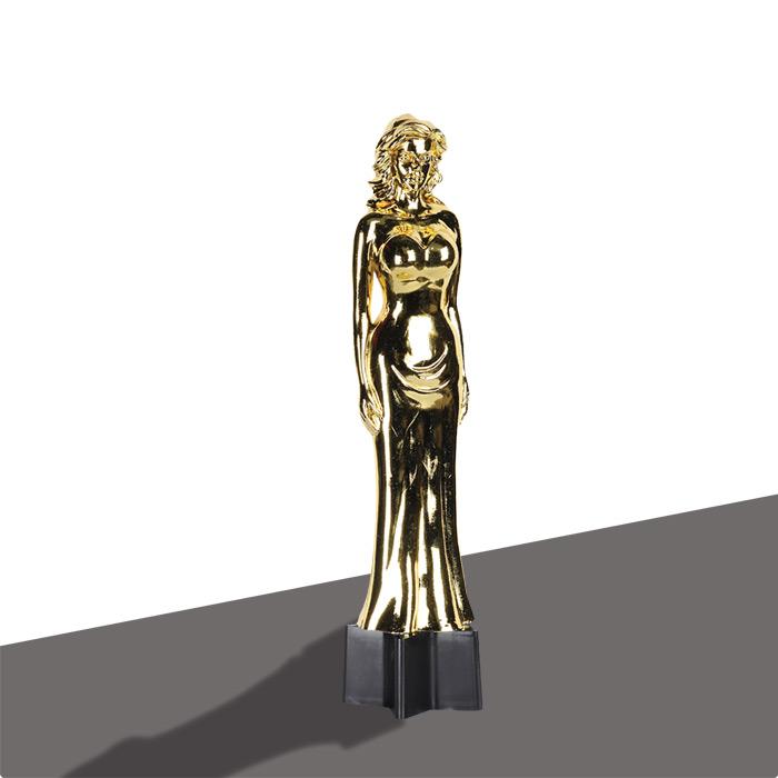 Die gold-glänzende Award-Statuette ist mit ihren weiblichen Kurven der Hingucker auf jeder Kino- oder Hollywood-Mottoparty. Die Statue eignet sich aber genauso gut als Trophäe für eine extravagante Preisverleihung, z.B. für das "Beste Kostüm der Mottoparty".
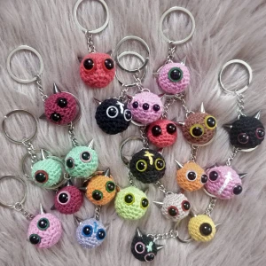 Handgjorda virkade nyckelringar. Kommer i olika fĂ€rgkombinationer, med ett eller tvĂ„ ögon, mörka eller ljusa horn, med eller utan kors. Alla pĂ„ bilden Ă€r till salu men kan ocksĂ„ virka andra kombinationer pĂ„ bestĂ€llning đ Skriv för ej spĂ„rbar fri fraktâš
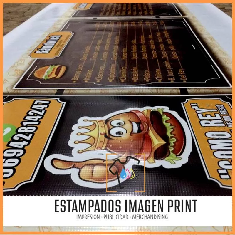 Lienzo tela de pvc, con promociones o eventos, con terminación, sellado y ojetillos para que lo puedas colgar los tamaños pueden variar.
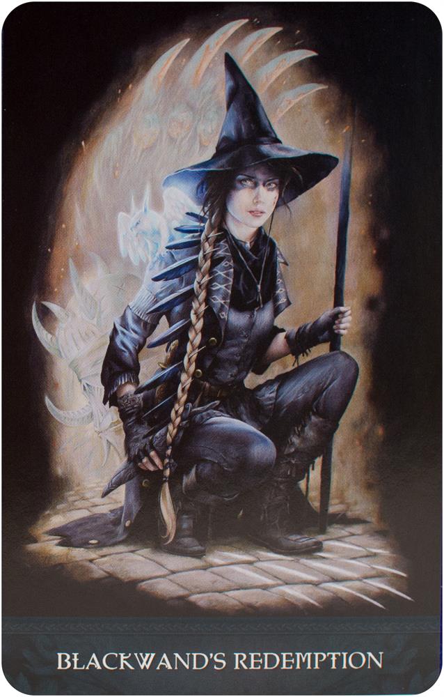 Inspired by Steven Hutton's popular Dark Raven Chronicles Trilogy, Raven's Wand Oracle draws insights from the tale of a mysterious black wand, brave young Kolfinnia, whose fate it is to save witchcraft, and the sage old witch Valonia who counsels that mind creates matter. Other witches you will meet in the Wildwood–coven include Rhia Winsome, who shares her creative energy, Ada Crabbe, the senior gardener, Oceana, and the dragon twins Hethra and Halla. Each member of the coven has important life lessons to offer.

------------------------------------

» **THE PROBLEM**: Retype, word for word, only the line holding "Handgjorda virkade nyckelringar." and the lines after it through the final line of the listing above, and leave every picture out.

» **ANSWER TO THIS EXERCISE**:
 Handgjorda virkade nyckelringar. Kommer i olika fĂ€rgkombinationer, med ett eller tvĂ„ ögon, mörka eller ljusa horn, med eller utan kors. Alla pĂ„ bilden Ă€r till salu men kan ocksĂ„ virka andra kombinationer pĂ„ bestĂ€llning đ Skriv för ej spĂ„rbar fri fraktâš
 Lienzo tela de pvc, con promociones o eventos, con terminación, sellado y ojetillos para que lo puedas colgar los tamaños pueden variar.
 Inspired by Steven Hutton's popular Dark Raven Chronicles Trilogy, Raven's Wand Oracle draws insights from the tale of a mysterious black wand, brave young Kolfinnia, whose fate it is to save witchcraft, and the sage old witch Valonia who counsels that mind creates matter. Other witches you will meet in the Wildwood–coven include Rhia Winsome, who shares her creative energy, Ada Crabbe, the senior gardener, Oceana, and the dragon twins Hethra and Halla. Each member of the coven has important life lessons to offer.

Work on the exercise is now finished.